Tuesday, December 23, 2014

Updated Products - ICO Q3 2014

Please note the products listed below and the path to access them via the DLI EFT.

Inter-corporate ownership (ICO) – Q3 2014

This product is a directory of corporate ownership in Canada that provides information on every individual corporation that is part of a group of commonly controlled corporations with combined assets exceeding $600 million or combined revenue exceeding $200 million. Individual corporations with debt obligations or equity owing to non-residents exceeding a net book value of $1 million are covered as well.

Ultimate corporate control is determined through a careful study of holdings by corporations, the effects of options, insider holdings, convertible shares and interlocking directorships.

The information presented is based on non-confidential returns filed by Canadian corporations under the Corporations Returns Act and on research using public sources such as Internet sites. Entries for each corporation provide both the country of control and the country of residence.

/MAD_DLI/Root/other-products/Inter-corporate ownership – ico

Announcement in The Daily — Inter-corporate ownership, third quarter 2014 <http://www.statcan.gc.ca/daily-quotidien/141223/dq141223h-eng.htm>

Monday, December 22, 2014

Survey of Neurological Conditions in Canada

Question

A faculty member would like to access the Survey of Neurological Conditions in Institutions in Canada. As far as I can tell, it is not accessible via the DLI. How can she go about getting access to it?

Answer

The Health Division explained that the only way for anyone to access this survey is through a custom request. I am including what I was able to find on our website about this survey:

<http://www23.statcan.gc.ca/imdb/p2SV.pl?Function=getSurvey&SDDS=5187>

<http://www5.statcan.gc.ca/cansim/a05?searchTypeByValue=1&lang=eng&id=1051305&pattern=1051305>

Let me know if you wish to request a custom tab. I will give you the contact name for cost estimates, turnaround time, etc.

User Guide for NHS Hierarchical File

Question

In the notes about the variable Religion, it makes reference to a variable called ReligDer – I presume that this variable is only available on the Master file?


Answer

Subject matter explained that: RELIG is the name of the original variable in the master file.
RELIGDER is the name of a derived (aggregated) version of RELIG, and is in the master file. We use that RELIGDER version and aggregate it even more to create this RELIGION variable in the HPUMF.

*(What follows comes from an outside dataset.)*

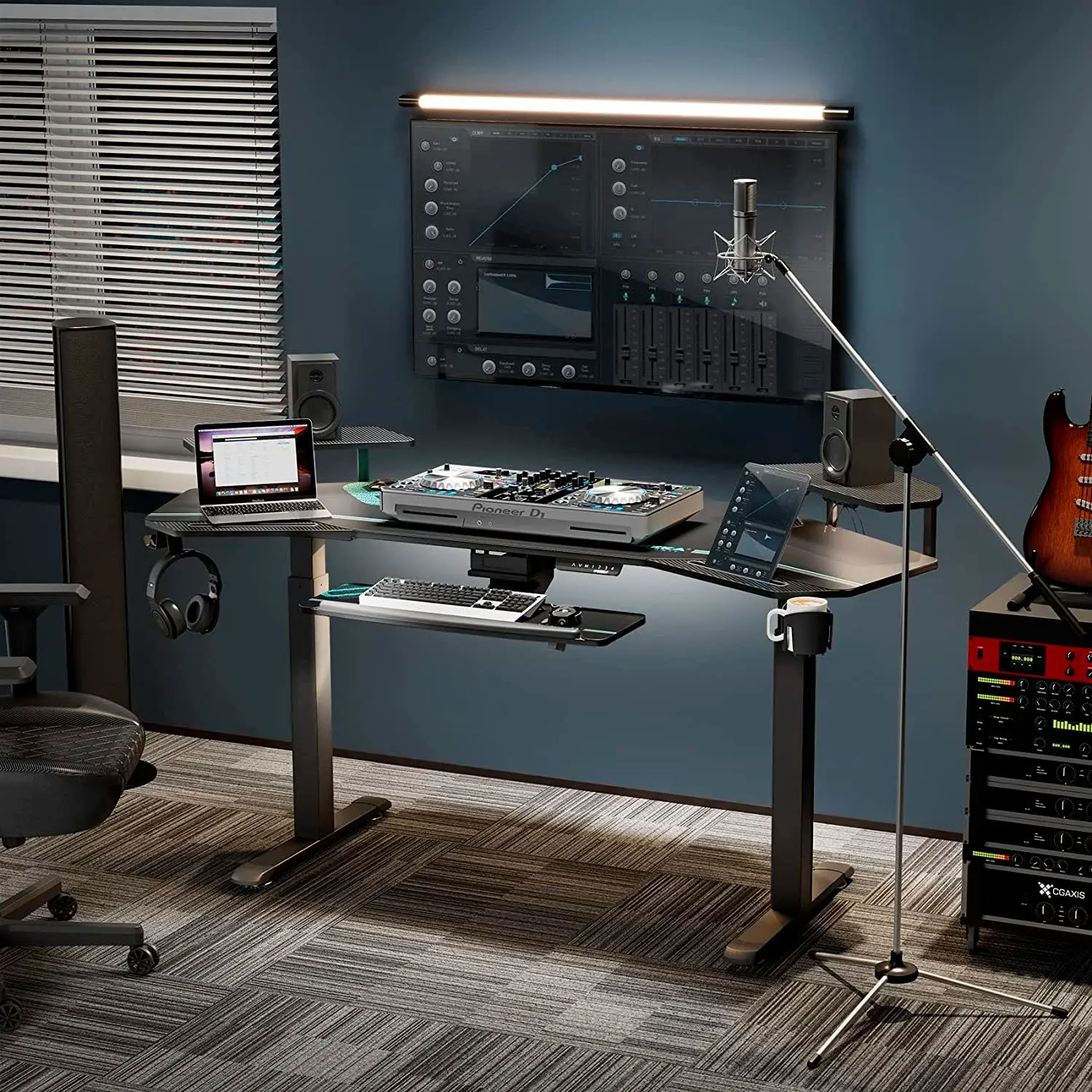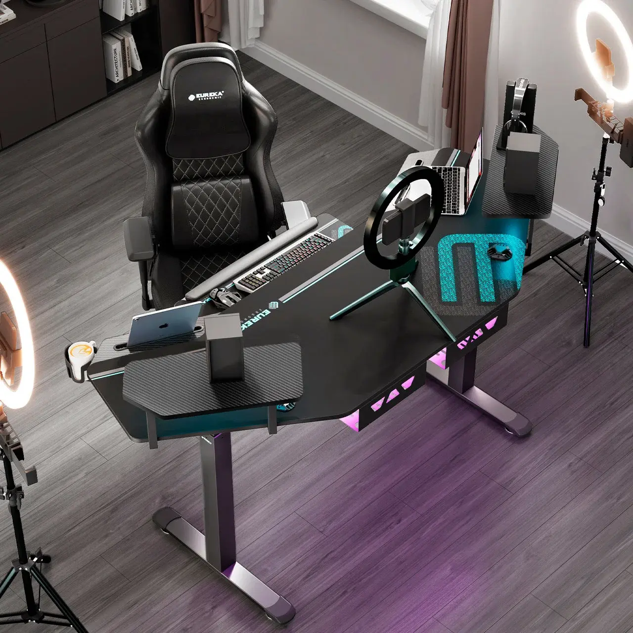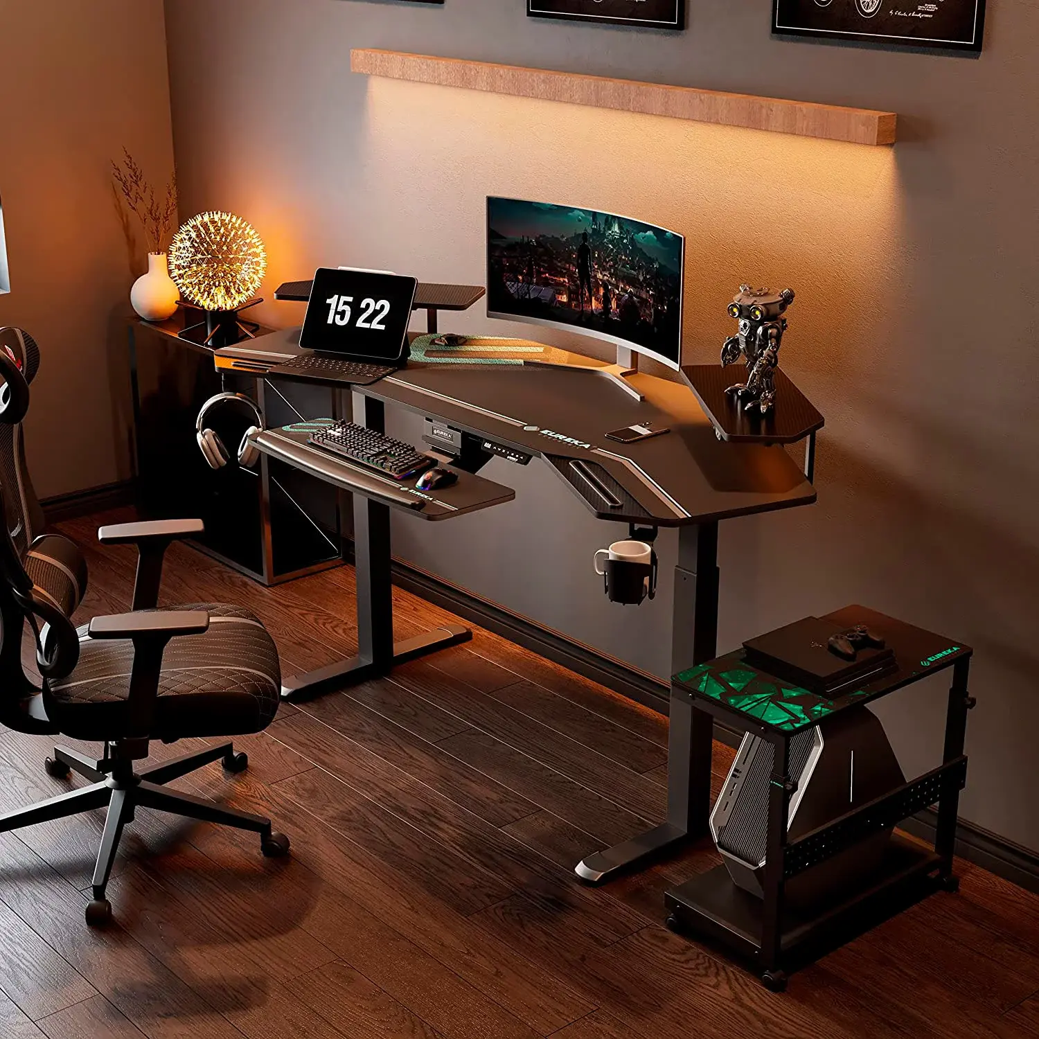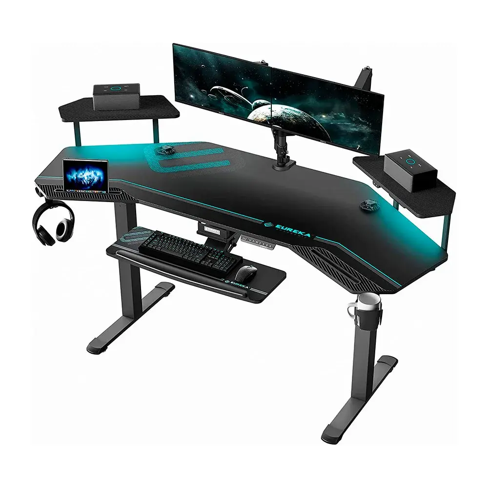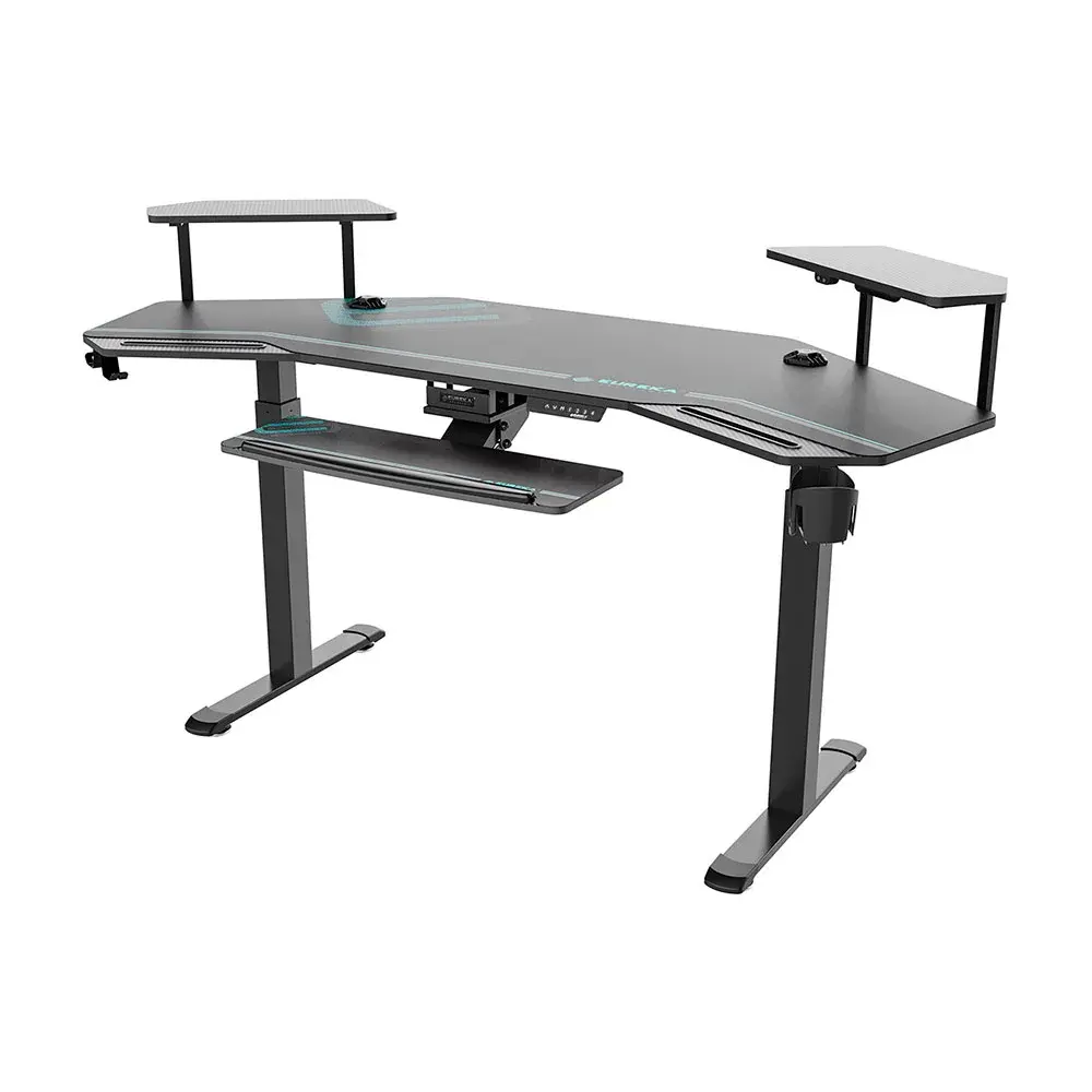 EUREKA ERK-ES71 Black — это прочный и устойчивый стол серии Aero 72 с рабочей поверхностью в форме крыла, стальной опорной рамой и покрытием, повторяющим текстуру углеволокна. В опоры встроены два электромотора, что позволяет настраивать высоту стола простым нажатием кнопки на пульте управления. Подставка для клавиатуры и две боковые полки помогут расположить комплектующие более эффективно. Благодаря специальной системе кабель-менеджмента, на поверхности стола никогда не будет беспорядка из проводов.

So yes, the first sentence of the description is a bit misleading... it would be more correct to say:

“RELIGION is the aggregated version of RELIGDER which is the aggregated version of the variable RELIG (detailed responses).”

Saturday, December 20, 2014

Seven Generations

Question

It looks like our CD-ROM of this product has disappeared. It is so old now that I don't know if the software would still work. Can anyone tell me if it is available online or anywhere?

<http://www.crr.ca/en/component/flexicontent/items/item/19716-for-seven-generations-an-information-legacy-of-the-royal-commission-on-aboriginal-peoples-cd-rom>

Answer

We’ve looked at extracting content from the “For Seven Generations” CD before, but had little success. Much of the content is buried in proprietary software called “Folio Views”. Not at all conducive to exporting reports, documents, etc.

We did manage to find a copy of the 5 volumes of the final report. We found it initially at http://caid.ca/RepRoyCommAborigPple.html and then combined the chapters into the original 5 volumes. The results of this are found in QSpace, or digital repository at the link shown below. So, while all of the things listed below appear on the “For Seven Generations” CD, as far as I know only the first item is available on the web.

- Final Report <http://qspace.library.queensu.ca/handle/1974/6874>
- People to People, Nation to Nation
- Hundreds of Research Reports
-Guide for Developing Native Awareness Curricula for High School and Adult Levels
- Thousands of Pages of Testimony from over 2000 People

I managed to google up one article on converting Folio Views to HTML here:<http://www.law.cornell.edu/papers/lii/fffhtml.htm>

Though it looks like you need a copy of Folio Views in any case. For a one-shot deal, it might not be too onerous to setup a virtual machine running whatever version of Windows you might need to install whatever version of FV you can get your hands on. Then, you could try this method, or some adaptation thereof.

Another option if you can get a working FV installation would be to see if you can print from the application, and if so, install a PDF printer driver and export it all that way. This will likely be time-consuming and result in a huge loss of fidelity and embedded metadata, but might produce acceptable access copies at least.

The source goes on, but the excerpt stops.